Codebase as Chat Context
Status | Authors | Coach | DRIs | Owning Stage | Created |
---|---|---|---|---|---|
proposed |
partiaga
tgao3701908
|
jessieay
dgruzd
|
jordanjanes
mnohr
|
devops create | 2025-04-02 |
Summary
We are introducing the capability to include Codebase as additional contexts to Duo Chat requests. This can refer to the entire repository or to a sub-directory under the repository.
To achieve this, we will index the codebase as vector embeddings, referred to as Code Embeddings.
When the user asks a question on Duo Chat, the system executes a semantic search over the Code Embeddings to retrieve relevant context from repositories, which is then processed by large language models to generate helpful responses.
This new feature will be available to GitLab Premium or Ultimate users with the Duo Pro or Duo Enterprise add-ons.
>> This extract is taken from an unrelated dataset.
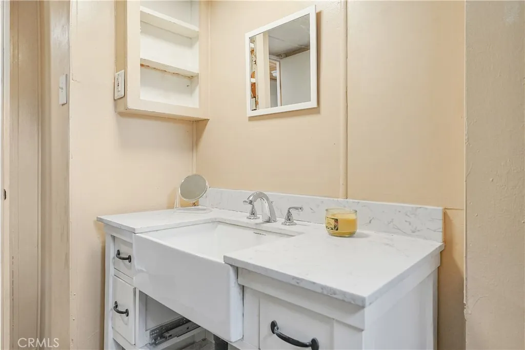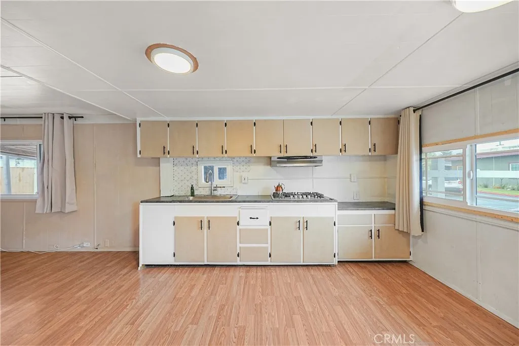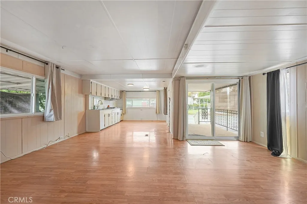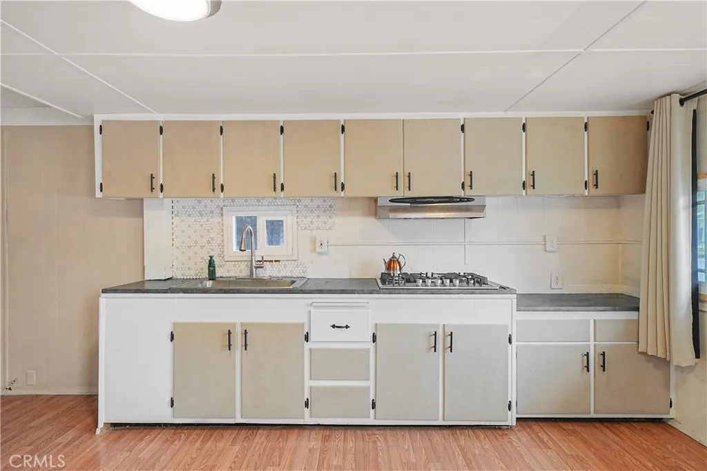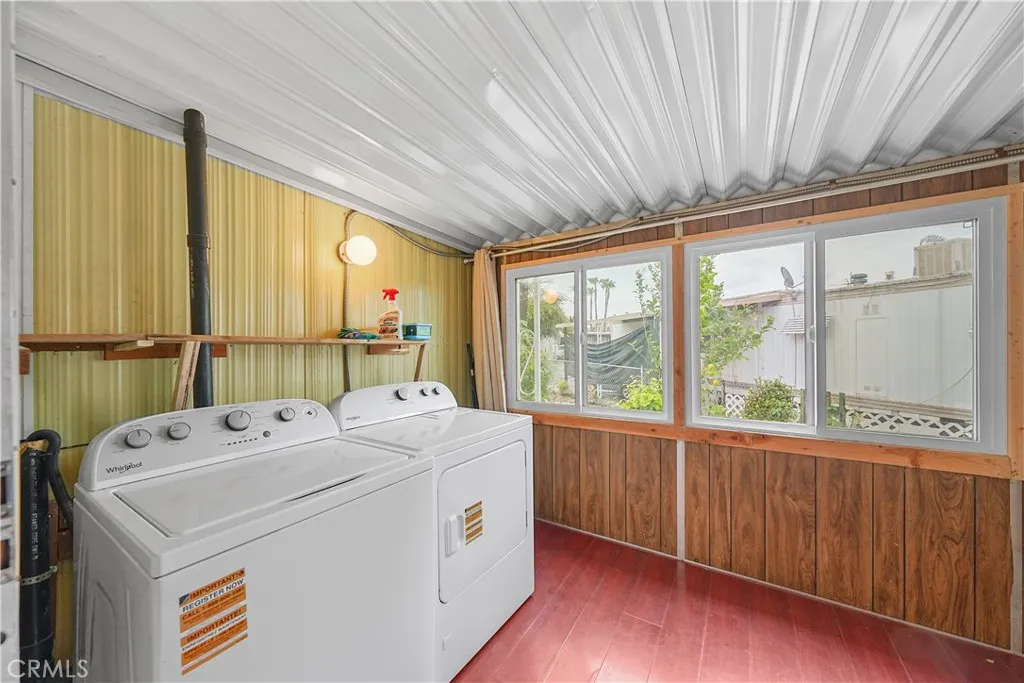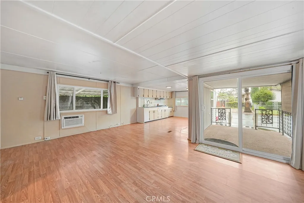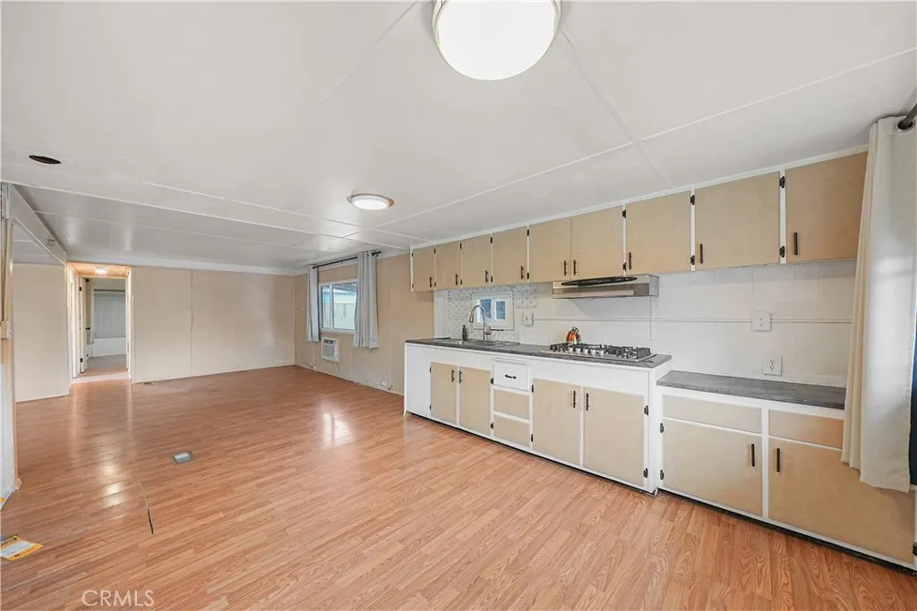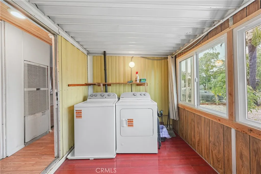 Welcome to this cozy 1-bedroom, 1-bath mobile home located in the heart of Fontana. This well-cared-for home offers a comfortable layout with thoughtful updates already in place, while leaving room for future personalization. An open living and dining area creates a welcoming space that flows into a charming kitchen, featuring a cooktop and newly installed sink and faucet, with room to add an oven and refrigerator to suit your needs. The bathroom has been refreshed with a new vanity, toilet, and shower head, and includes a convenient shower/tub combination. The bedroom offers generous storage with an entire wall of built-in closets and drawers. A separate laundry room includes a newer washer and dryerboth included in the saleand provides direct access to the backyard. Outside, enjoy a small front porch, a low-maintenance side yard accented with white rock landscaping and mature fruit trees, plus a storage shed for added convenience. A two-car carport completes the home. Situated in a community that offers a pool and a clubhouse with tables and a kitchen, this home is a wonderful opportunity for buyers looking for affordability, functionality, and the chance to make it their own.

Epic: The work for this feature is tracked in this epic.
Motivation
Currently, we don’t do a great job of helping customers understand their repository and code base. Competitors support a broader aperture – a user can ask questions about an entire repository, or scope the context to multiple folders, multiple files, and portions of code. This functional gap is commonly mentioned by customers, and here’s a recent summary of research in this space. LLM’s are only as good as the context we give them, so it is important that we achieve parity with our competitors in this area.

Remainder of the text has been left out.